Brussels-based e-bike manufacturer Cowboy is looking for new investors ahead of its next round of financing, anticipated by the end of the year.

Co-founder Adrien Roose said the company should turn a profit in 2025 if this latest fundraising round is successful.

“Based on the current outlook, management expects that additional financing could prove necessary by the end of 2024, for next year's working capital, and to ensure that the company is on track for sustainable profitability,” Cowboy said in its annual report.

“Ahead of initial discussions with credit institutions and other potential investors, management is confident that funding will be available for Cowboy's future growth ambitions.”

The annual financial report noted that equity further deteriorated from -€8.4 million in 2022 to -€22.4 million at the end of 2023, despite a capital increase of €7.8 million.

While Cowboy saw its revenue decline for the first time in 2023, from €41 million in 2022 to €33.7 million, the report points out that the 2022 figure was exceptionally high because it was only then that deliveries of pre-orders from late 2021 started.
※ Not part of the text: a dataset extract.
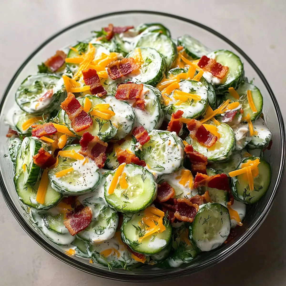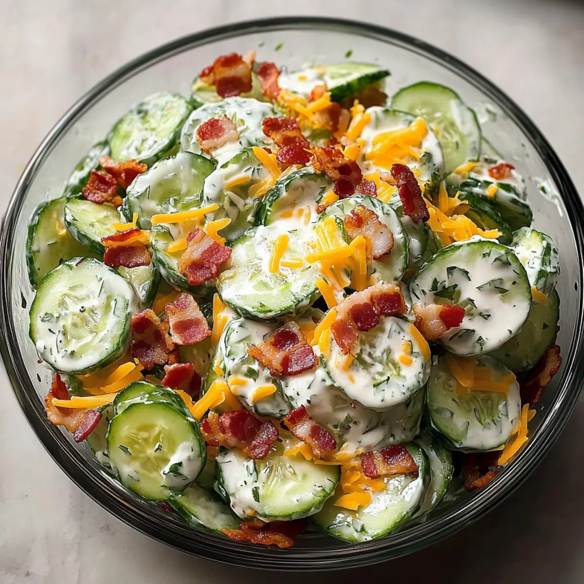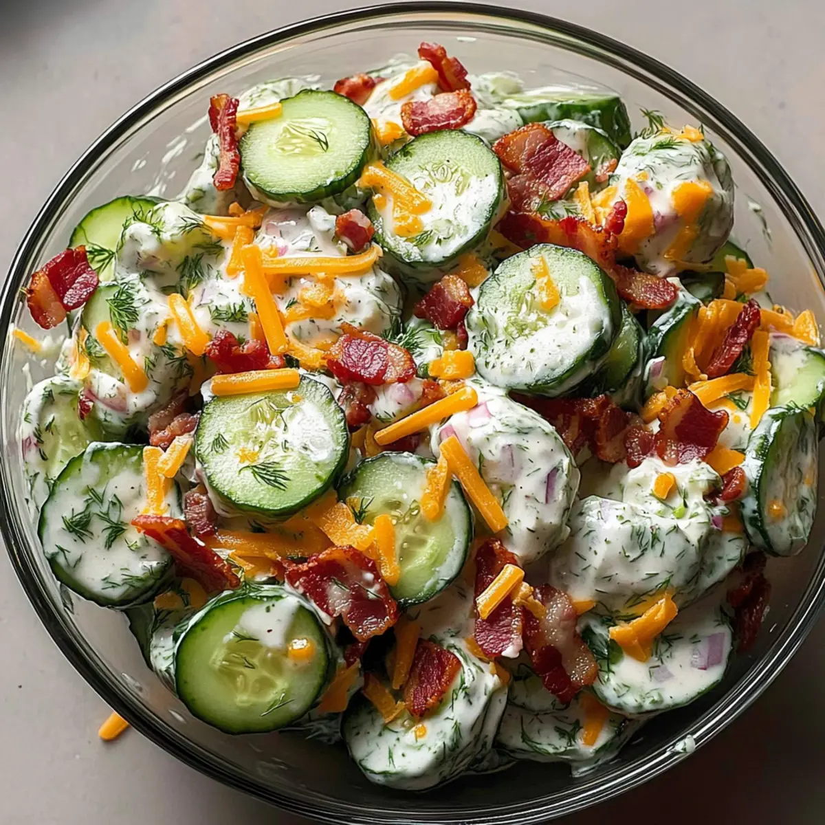- Add crumbled bacon, cheddar cheese, red onion, and dill to the cucumbers and fold together gently.

The company experienced delays in fulfilling orders due to the pandemic.

Other factors noted in the report include that the range of models was adjusted in 2023, with sales of the Cowboy C3 stopping and the Cowboy Cruiser launching. Cowboy also started focusing strategically on its key markets in Europe and on raising margins and profitability, rather than volume.

The moving away from a strategy of only selling bikes online and servicing itself resulted in its net loss being limited to -€21.7 million in 2023, down from -€32.1 million in 2022. The gross profit margin increased from 10.3% in 2022 to 17.9% in 2023.

Roose told De Tijd that those figures are already “outdated” by now.

“This year, we’re on our way to a gross profit margin of 40%,” Roose said.

“Since the second half of this year, we’ve been delivering bikes at those profit margins, which also allows me to say that we will break even in the last six months of this year. Next year, the gross profit margin will rise to around 50% and we will effectively be in the black.”